Existing research in the area has tended to focus on mechanical micro-scale phenomena such as grain size and its evolution under such conditions. However, Veveakis is proposing a new approach that instead focuses on how—and how much—these many various processes dissipate energy.

This challenging approach will begin in the laboratory, where Veveakis and his laboratory will push small, synthetic, homogenous mineral samples to their limits in a variety of conditions to probe the routes it uses to dissipate energy. They will then use that knowledge to create a model that can predict how the material will react in large-scale scenarios and indicate variables the researchers can monitor to watch for imminent failure. If successful, researchers can then use this framework to create similar models for many different geological materials under a variety of long-term loading conditions.

The idea grows from Veveakis’s current work with the slow-moving El Forn landslide in the mountains of Andorra. Previous research has indicated that the temperature of a relatively thin layer of clay within the mountains is a crucial indicator of potential imminent danger for nearby towns. With the new research program, Veveakis plans to create more extensive models that can be applied to many more types of geological hazards and provide these kinds of insights and warning signs.

“The same work will be able to be used for any macro-scale geohazard, as the predictive framework we are trying to develop is of fundamental nature, describing the response of rocks in any possible hazardous scenario involving material failure,” said Veveakis. “Our biggest challenges are developing the experimental apparatus to measure internal dissipative variables in a failing sample and then finding the dependence of these mechanisms on the size of the sample. When crossing length- and time- scales, the biggest challenge is always to extract the scaling laws that make the small-scale experiments meaningful for large-scale applications.”
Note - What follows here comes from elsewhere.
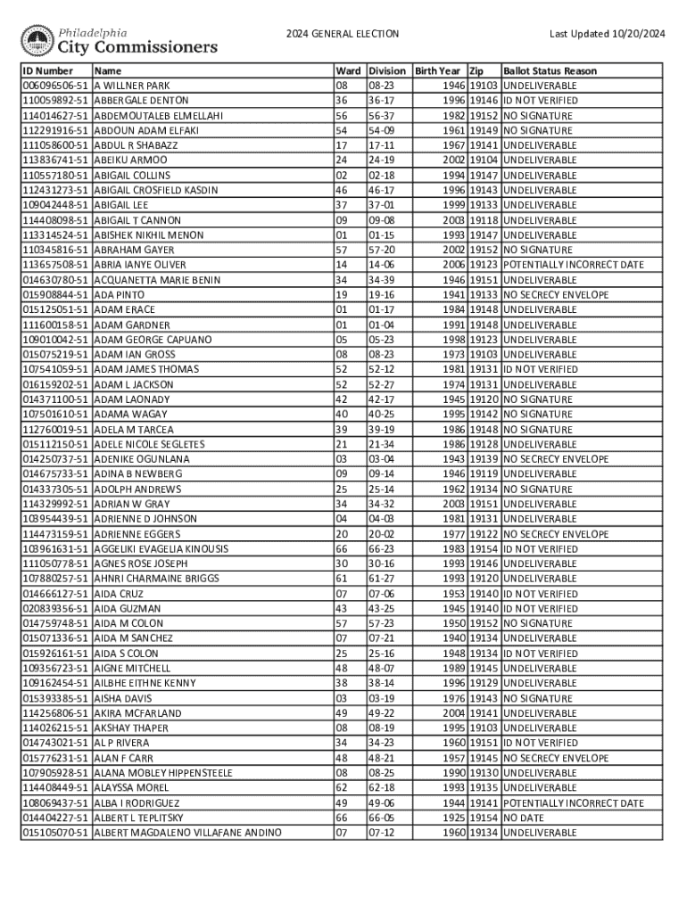 2024 GENERAL ELECTION ID Number 00609650651 11005989251 11401462751 11229191651 11105860051 11383674151 11055718051 11243127351 10904244851 11440809851 11331452451 11034581651 11365750851 01463078051

The research approach will be combined with the development of innovative educational tools, including a 3D-interactive simulator for geohazards that will be used as a virtual lab. This step includes the development of artificial intelligence algorithms for data processing and open-source 3D interactive visualization tools, which will be used as a tool for broad outreach and dissemination. In the duration of this project, the virtual lab will be equipped with two case studies—the El Forn landslide and the catastrophic landslide of Vajont, which caused the loss of nearly 2,000 people.